[[ RECORDS PROVIDED open ]]

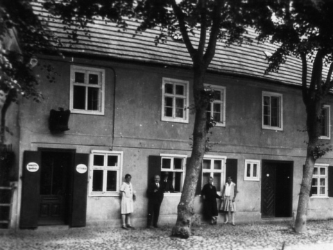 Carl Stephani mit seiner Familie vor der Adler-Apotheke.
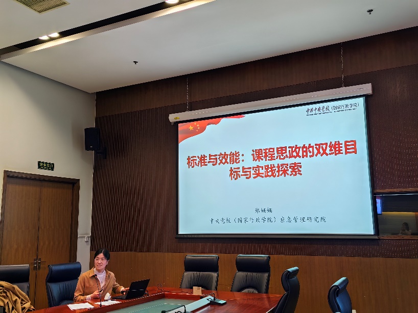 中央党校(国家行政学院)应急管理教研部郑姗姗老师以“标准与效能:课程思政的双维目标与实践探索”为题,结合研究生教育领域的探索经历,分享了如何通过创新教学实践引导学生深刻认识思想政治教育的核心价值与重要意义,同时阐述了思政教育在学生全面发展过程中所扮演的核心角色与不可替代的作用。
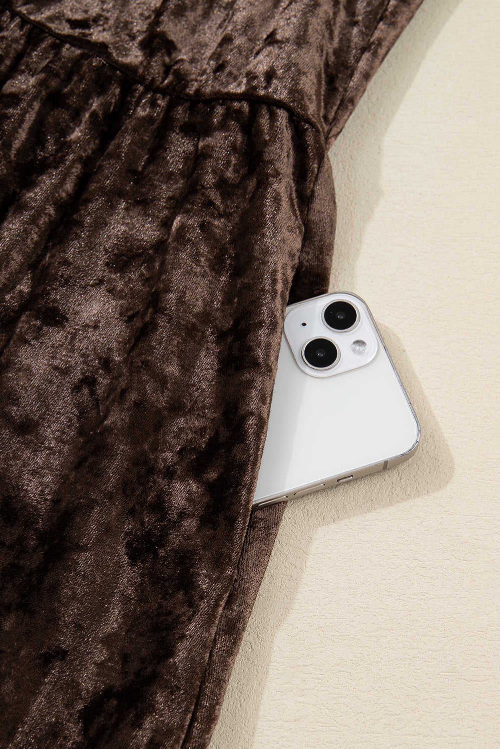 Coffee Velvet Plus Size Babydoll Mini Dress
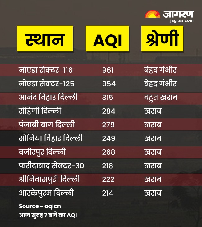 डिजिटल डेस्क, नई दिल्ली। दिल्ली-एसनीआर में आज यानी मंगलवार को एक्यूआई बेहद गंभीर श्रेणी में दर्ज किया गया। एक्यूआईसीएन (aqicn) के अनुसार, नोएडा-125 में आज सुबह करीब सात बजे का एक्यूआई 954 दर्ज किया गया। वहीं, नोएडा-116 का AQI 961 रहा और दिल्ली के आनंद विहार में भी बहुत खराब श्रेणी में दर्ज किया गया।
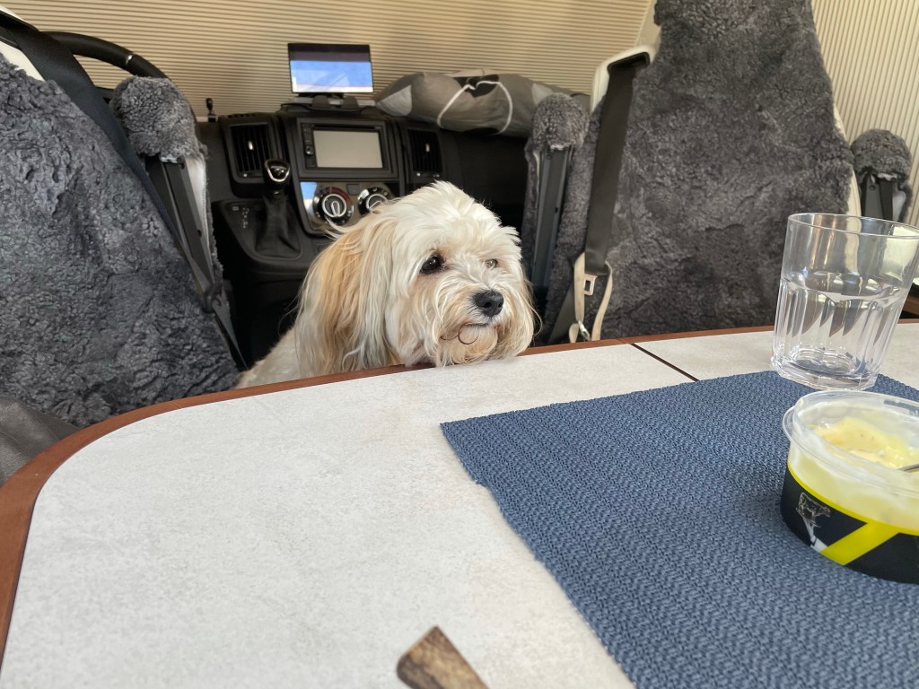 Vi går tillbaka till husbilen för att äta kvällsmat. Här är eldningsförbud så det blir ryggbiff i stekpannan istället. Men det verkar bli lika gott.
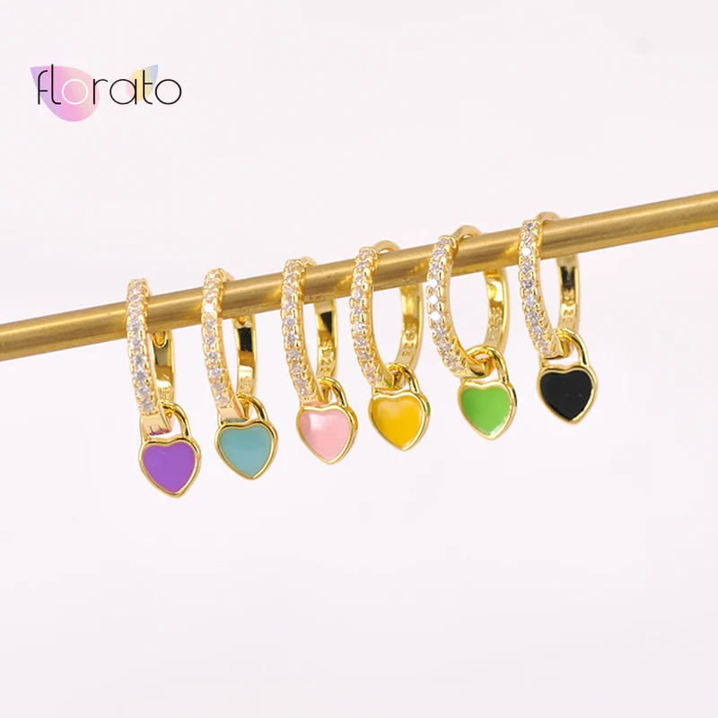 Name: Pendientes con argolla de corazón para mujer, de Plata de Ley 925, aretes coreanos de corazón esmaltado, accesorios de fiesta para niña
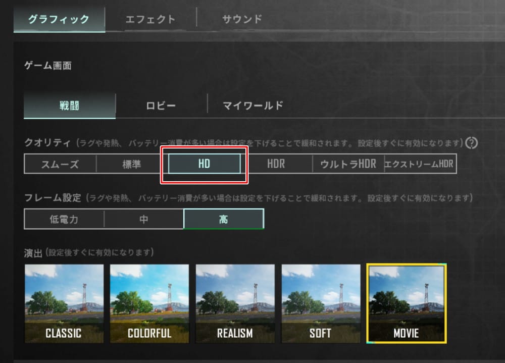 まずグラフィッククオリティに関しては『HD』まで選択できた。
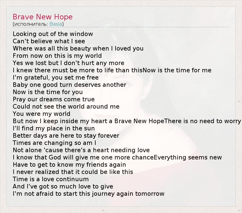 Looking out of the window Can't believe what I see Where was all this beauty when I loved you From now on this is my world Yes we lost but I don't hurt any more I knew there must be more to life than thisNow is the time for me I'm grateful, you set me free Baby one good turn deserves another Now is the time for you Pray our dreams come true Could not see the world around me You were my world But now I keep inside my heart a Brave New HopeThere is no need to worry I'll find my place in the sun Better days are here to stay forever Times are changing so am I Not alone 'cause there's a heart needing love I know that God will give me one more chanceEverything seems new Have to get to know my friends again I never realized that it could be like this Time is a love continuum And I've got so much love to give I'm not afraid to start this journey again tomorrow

[[ RECORDS PROVIDED closed ]]

** WORK TO BE COMPLETED **
The records above should be returned exactly; no image belongs in the copy.

** ANSWER TO THIS PROBLEM **
 Carl Stephani mit seiner Familie vor der Adler-Apotheke.
 中央党校(国家行政学院)应急管理教研部郑姗姗老师以“标准与效能:课程思政的双维目标与实践探索”为题,结合研究生教育领域的探索经历,分享了如何通过创新教学实践引导学生深刻认识思想政治教育的核心价值与重要意义,同时阐述了思政教育在学生全面发展过程中所扮演的核心角色与不可替代的作用。
 Coffee Velvet Plus Size Babydoll Mini Dress
 डिजिटल डेस्क, नई दिल्ली। दिल्ली-एसनीआर में आज यानी मंगलवार को एक्यूआई बेहद गंभीर श्रेणी में दर्ज किया गया। एक्यूआईसीएन (aqicn) के अनुसार, नोएडा-125 में आज सुबह करीब सात बजे का एक्यूआई 954 दर्ज किया गया। वहीं, नोएडा-116 का AQI 961 रहा और दिल्ली के आनंद विहार में भी बहुत खराब श्रेणी में दर्ज किया गया।
 Vi går tillbaka till husbilen för att äta kvällsmat. Här är eldningsförbud så det blir ryggbiff i stekpannan istället. Men det verkar bli lika gott.
 Name: Pendientes con argolla de corazón para mujer, de Plata de Ley 925, aretes coreanos de corazón esmaltado, accesorios de fiesta para niña
 まずグラフィッククオリティに関しては『HD』まで選択できた。
 Looking out of the window Can't believe what I see Where was all this beauty when I loved you From now on this is my world Yes we lost but I don't hurt any more I knew there must be more to life than thisNow is the time for me I'm grateful, you set me free Baby one good turn deserves another Now is the time for you Pray our dreams come true Could not see the world around me You were my world But now I keep inside my heart a Brave New HopeThere is no need to worry I'll find my place in the sun Better days are here to stay forever Times are changing so am I Not alone 'cause there's a heart needing love I know that God will give me one more chanceEverything seems new Have to get to know my friends again I never realized that it could be like this Time is a love continuum And I've got so much love to give I'm not afraid to start this journey again tomorrow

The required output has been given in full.